The major objective of this sequence is to present the structure and function of the digestive system. The sequence will cover three topic areas related to digestion: 1) the actual process of digestive function and its regulations, 2) metabolic interactions, and 3) pharmacology and pharmacokinetics of drug absorption and metabolism.

 

Sequence Director:
Matthew Velkey, Ph.D.

 

dScribe:
Nikki Selewski

 

Syllabus

Introduction and Broad Objectives

The major objective of this sequence is for the students to obtain integrated information regarding the structure and function of the digestive system through lectures, laboratory exercises and small group conferences. More specific objectives, and expected learning outcome for each lecture and lab in the subtopic areas, will be provided in each session or may be found in lecture handouts or in the sequence syllabus.
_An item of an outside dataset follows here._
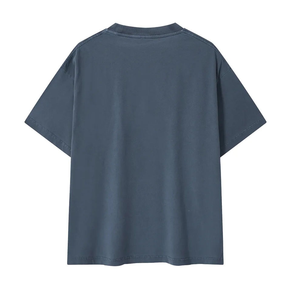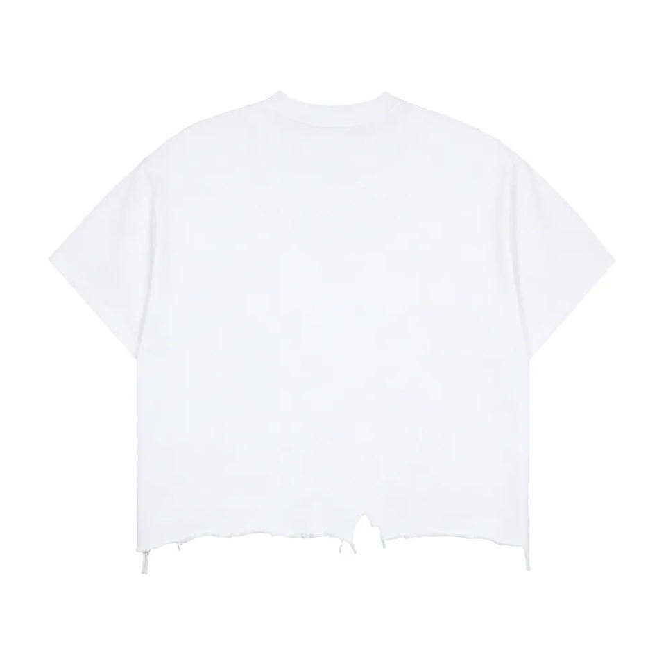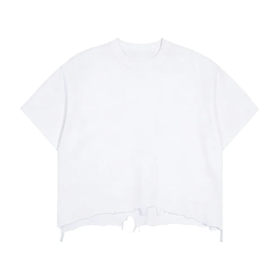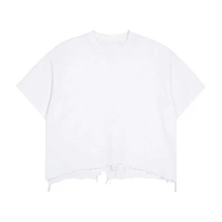 เสื้อยืดผู้ชายแขนสั้นทรงบ็อกซี่ผ้าฝ้ายแท้คุณภาพสูง สไตล์เรโทรสตรีทแบบดิสเทรส ดีไซน์ขาดๆ
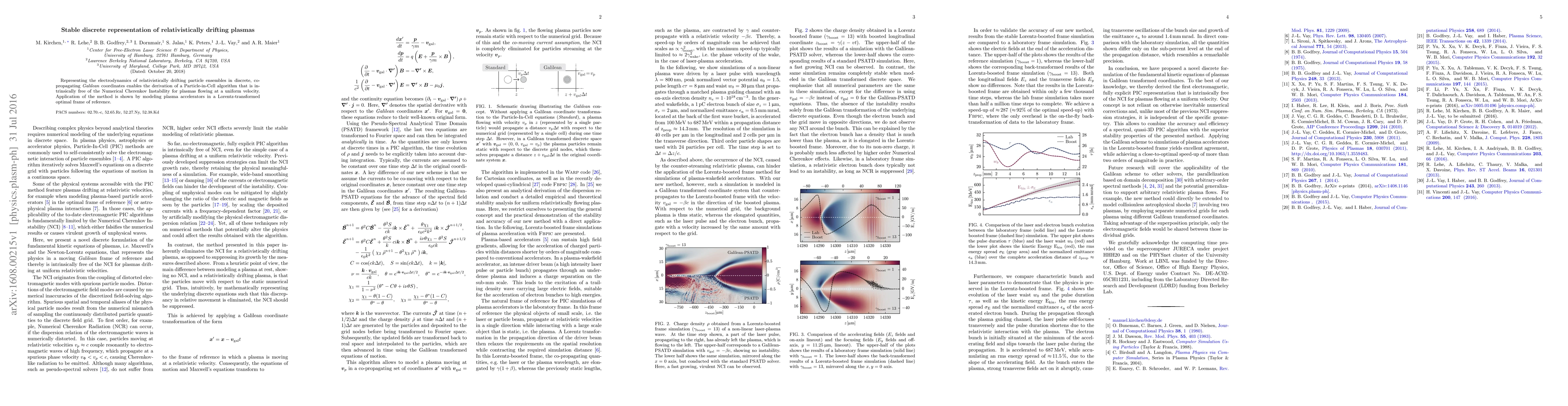 This paper presents a stable discrete representation for relativistically drifting plasmas using a Particle-in-Cell algorithm in co-propagating coordinates, which eliminates the Numerical Cherenkov Instability. The method is demonstrated through modeling plasma accelerators in an optimal Lorentz-transformed frame.

In essence, the sequence will cover four major topic areas related to digestion;

  1. gross anatomical and histological structures of the digestive system
  2. actual processes of digestive function and its regulations
  3. metabolic interactions
  4. pharmacology of drug absorption and metabolism

The Structure and Function of the Digestive System

For this aspect of the sequence, a tightly-coordinated, multidisciplinary approach, involving embryology, anatomy, histology and physiology, is taken to illustrate:

  1. the formation and development of the GI tract
  2. the structural characteristics of the major anatomical subdivisions of the GI tract and their associated glands
  3. the functions of these structural subdivisions in the process of digestion
  4. the neural and hormonal mechanisms that regulate the activities of the digestive system

Included in these topic areas is the importance of the role of major digestive glands, namely, the salivary glands, pancreas, and liver in the process of digestion.

Metabolic Interactions

The liver represents the central site for metabolic regulation and control in addition to being a digestive gland, as it secretes bile. The liver is situated strategically to process nutrients absorbed by the intestine and serves as the major site for metabolic interaction. A series of lectures pertaining to the metabolism of carbohydrates, lipids and cholesterol will be presented.

Pharmacology

Since most drug therapy is oral, the gastrointestinal tract plays a crucial role in pharmacokinetics. Diseases of the gastrointestinal tract may alter drug absorption and recirculation. The pharmacology lectures are designed to provide the student with an introduction to the basic principles that govern drug absorption and metabolism. It will be discussed also how metabolism and disposition of drugs cause certain drug-drug interactions and drug toxicity.

Ancillary Topics

In addition to the subject matters listed above, there will be three lectures on nutrition; two Macro-nutrition and one Micro-nutrition lectures. Also, there will be one lecture on the interactions between the microbial flora of the GI tract and the host organism. Finally, there will be a patient-present MDC session dealing with “Intestinal malabsorption and cystic fibrosis” and clinical lectures dealing with “Gastrointestinal cancer-surgical considerations,” “Hernias,” and “Abdominal Radiology.”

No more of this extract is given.